CHAPTER XXXV.
ANTWERP AS IT WAS.
In the first half of the sixteenth century Antwerp was the commercial capital of the world. The great historian of the Dutch Republic[156] says, "Venice, Nuremberg,[157] Augsburg,[158] Bruges were sinking; but Antwerp, with its deep and convenient river, stretched its arm to the ocean, and caught the golden prize as it fell from its sister cities' grasp. . . . No city except Paris surpassed it in population; none approached it in commercial splendour."
Close to the great and beautiful cathedral of Antwerp is the Grand' Place, in the middle of which there is a monument representing a running warrior flinging into the river a huge hand which he has just cut off from a prostrate giant's arm. This monument is intended to explain the fanciful origin of the city's name. Two centuries before the fall of Troy—so runs the story—a savage giant, named Antigonus, held sway over the river Scaldis—that is, the Scheldt. He built himself a castle on the river bank, and levied tribute on every vessel that passed up and down the broad stream.
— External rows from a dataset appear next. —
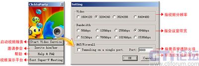 Video Service按鈕,對方就可以在聊天窗口中收到邀請信息,點擊“接受”按鈕后雙方自動啟動并進(jìn)入Clicktoparty軟件的主界面。您還可以以同樣的操作步驟,陸續(xù)邀請其他好友或聯(lián)系人加入,之后就可以享受Clicktoparty帶給您的強(qiáng)大功能和美好體驗,包括專業(yè)級的音視頻實時溝通、多人文字交流及私聊、桌面共享及遠(yuǎn)程協(xié)助、高速的文件傳輸、各種文檔的在線演示和討論等。
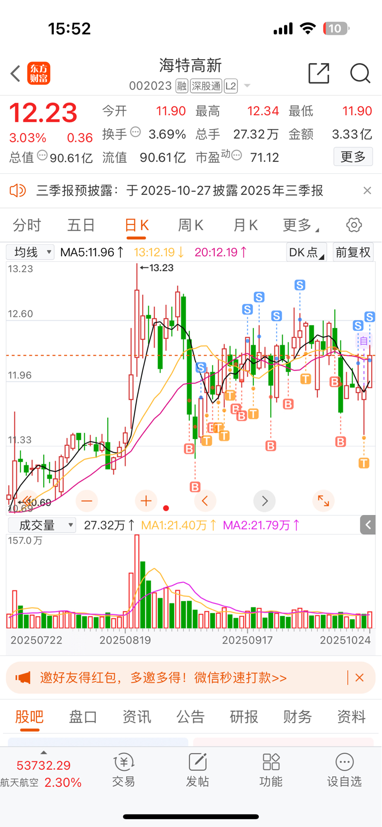 $海特高新(SZ002023)$ 玩了一个月海特挣的钱,一把全送给创新药了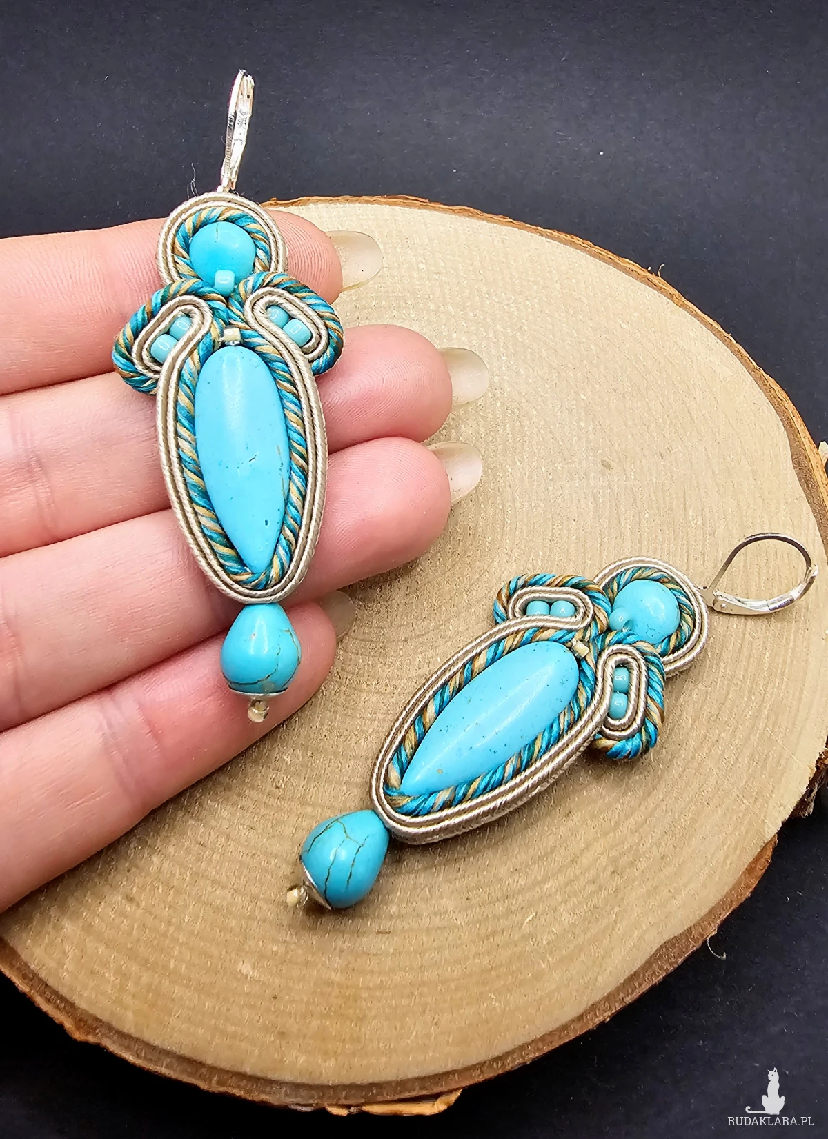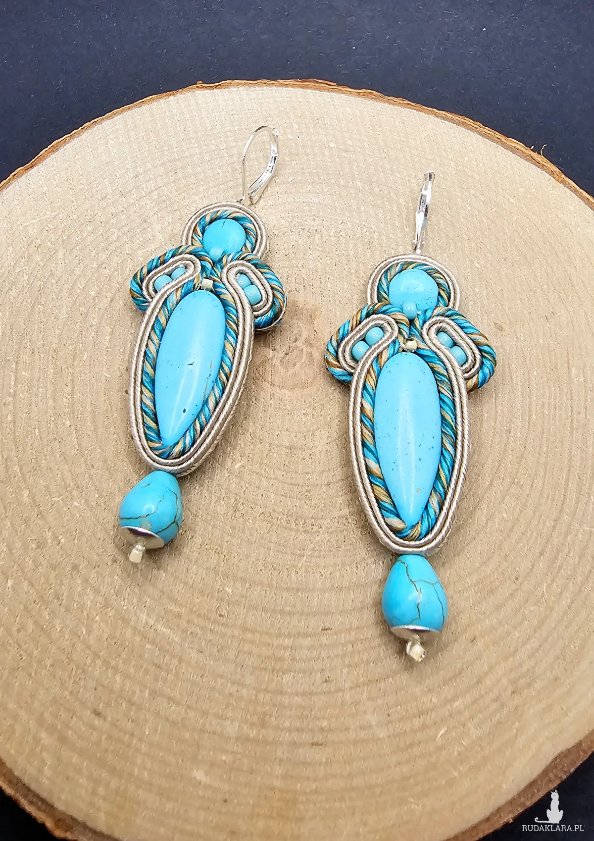 beżowo-turkusowe kolczyki sutasz z howlitem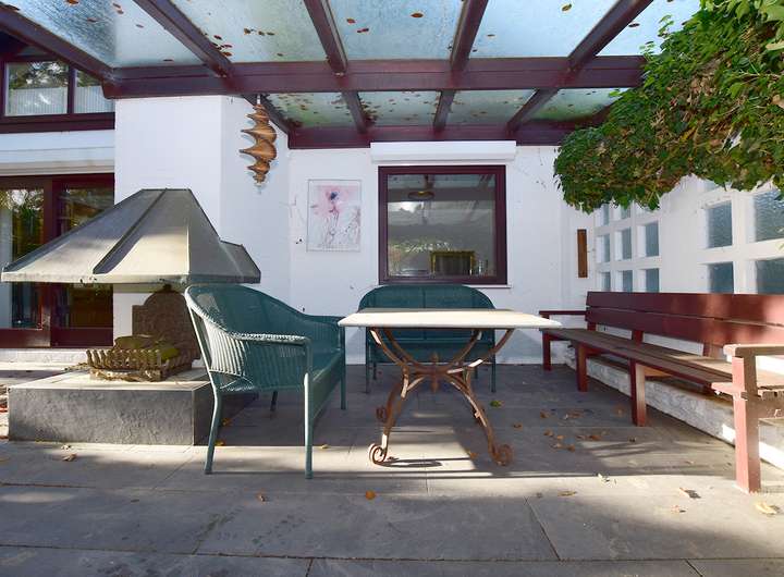 Große, erneuerte Terrassenflächen mit Außenkamin, zum Teil überdacht, und eine seitlich am Haus angeordnete "Wintergarten-Bar" unterstreichen den individuellen Charakter des Hauses.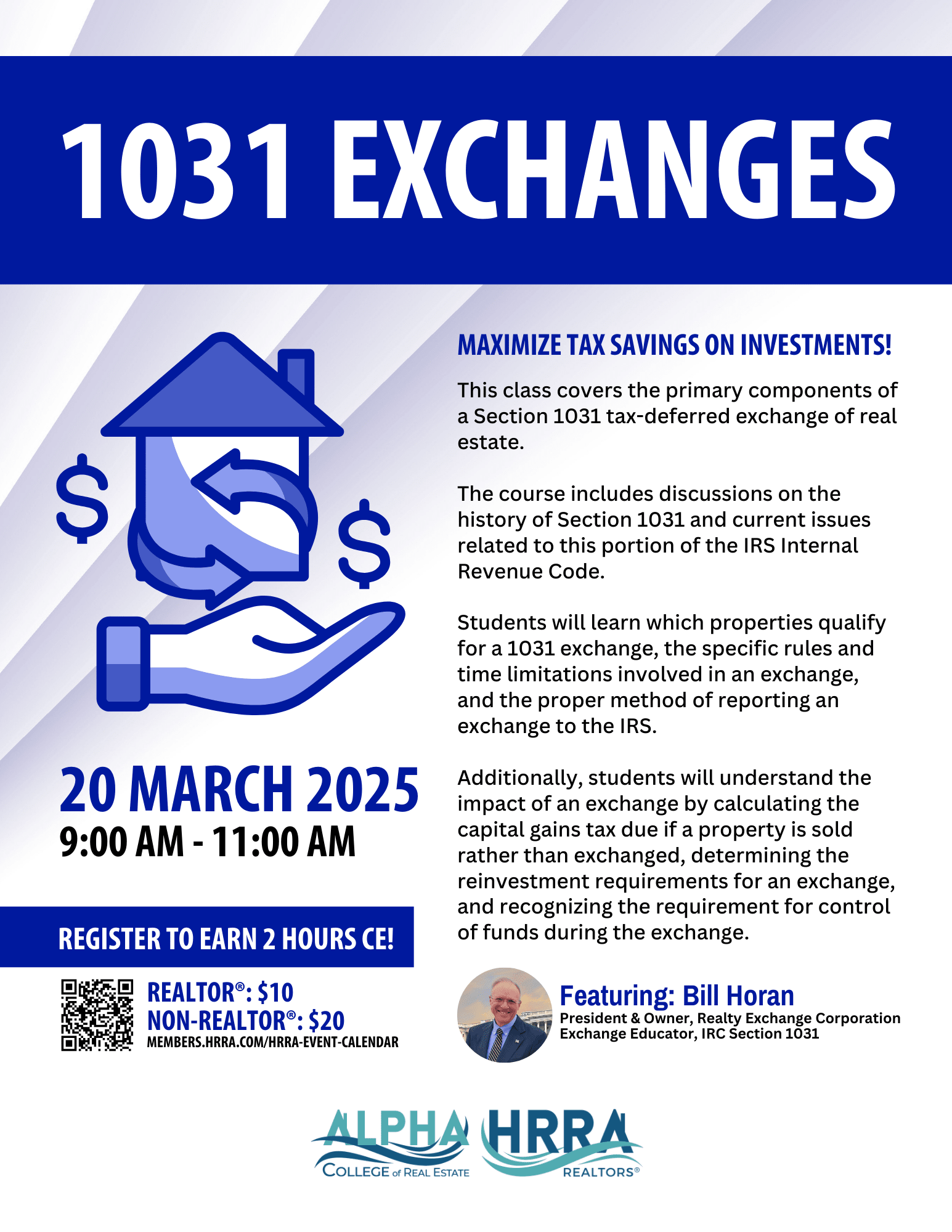 This class covers the primary components of a Section 1031 tax-deferred exchange of real estate. The course includes discussions on the history of Section 1031 and current issues related to this portion of the IRS Internal Revenue Code. Students will learn which properties qualify for a 1031 exchange, the specific rules and time limitations involved in an exchange, and the proper method of reporting an exchange to the IRS. Additionally, students will understand the impact of an exchange by calculating the capital gains tax due if a property is sold rather than exchanged, determining the reinvestment requirements for an exchange, and recognizing the requirement for control of funds during the exchange.

The tribute was very heavy—no less than half the merchandise in the passing ships. If the mariners refused to pay the tribute he seized them, cut off their hands, and flung them into the river.
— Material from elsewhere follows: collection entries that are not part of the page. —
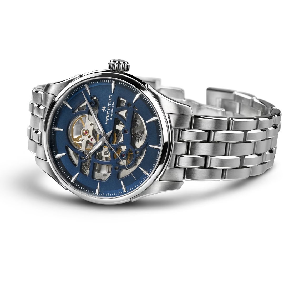 Präzision ist das Schlüsselwort der Jazzmaster Skeleton 40 mm, die mit einem blauen, durchbrochenen Zifferblatt versehen ist, das die subtile Schönheit ihrer inneren Mechanismen enthüllt. Angetrieben von einem Automatikwerk H-10-S mit 80 Stunden Gangreserve und einer Spiralfeder aus Nivachron™, ist die Jazzmaster Skeleton an einem raffinierten Armband aus Edelstahl befestigt, das die von Hamilton geschätzte Liebe zum Detail und das ständige Streben nach Innovation verdeutlicht.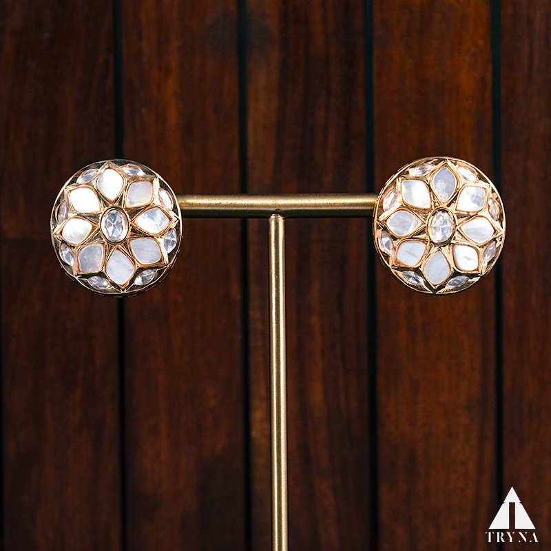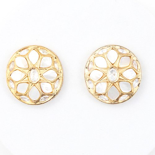 Type and Style: Gold-finish round floral pendant with matching stud earrings, designed with intricate stone inlay. A graceful heritage-inspired jewellery piece.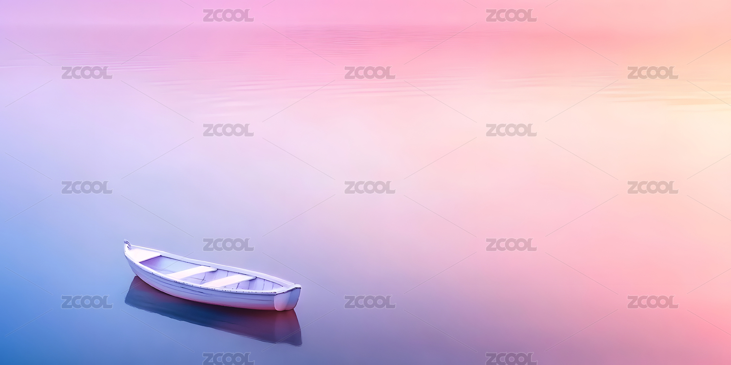 白色小船粉橙天空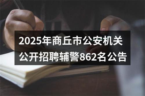根据工作需要,2025年商丘市公安机关面向社会公开招聘辅警862名(其中男性634名、女性228名)。现就有关事项公告如下: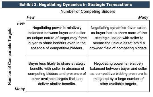 By combining the target with their existing operations, the larger strategic buyer will be able to achieve purchasing efficiencies, which will contribute to a higher gross margin.  In addition, there are redundant general and administrative expenses, which can be eliminated by the buyer.  As a result, the strategic buyer anticipates generating an EBITDA margin of 22%, compared to the 16% EBITDA margin available to the target company on a stand-alone basis.  Stated alternatively, the strategic buyer anticipates EBITDA that is 38% higher. Does that mean that the target company is worth 38% more to the strategic buyer?  Not necessarily.  The amount that a strategic buyer will, in fact, pay for the target company depends on how many other strategic buyers they are likely bidding against and how unique the target company opportunity is. The magnitude of strategic benefits available and the likely negotiating dynamics for a family business tend to be very fact-specific.  So, assessing the value of your family business to a strategic buyer will require that you and your fellow directors consider the following questions:

A Bird's-eye View of Antwerp. Photo, Topical Press.
This photograph was taken from one of the towers of Antwerp's magnificent cathedral—the largest and most beautiful Gothic church in the Netherlands. Its north tower rises to a height of more than four hundred feet. On the south side of the cathedral is the Place Verte (Green Place), with a statue of Rubens, whose famous picture, "The Descent from the Cross," formerly hung in the south transept. In the north transept was another of his great paintings, "The Elevation of the Cross."
At length a deliverer arose, one Salvius Brabo, a man of such valorous renown that the province of Brabant received its name from him. Brabo challenged the giant to single combat, slew him, cut off both his hands, and flung them into the Scheldt. Thus Hand-werpen—that is, "hand-throwing"—became the name of the great city. In the coat-of-arms of Antwerp you still see two severed hands flying through the air over a castle. Probably the real origin of the city's name is found in the old Flemish words 'an t' werf, which mean "on the wharf."
The city began to decline during the reign of Philip II., who was King of Spain and master of the Netherlands. In 1576 Spanish soldiers whose pay was in arrears broke into mutiny, and stormed and sacked several of the richest towns of Flanders, including Antwerp. Early in November of that year they entered the city, burnt more than a thousand houses, slew more than eight thousand citizens, plundered right and left, and behaved with the utmost cruelty. Such was the "Spanish Fury," which still forms a landmark in Flemish history. With the help of William of Orange,[159] the Spaniards were driven out of Antwerp.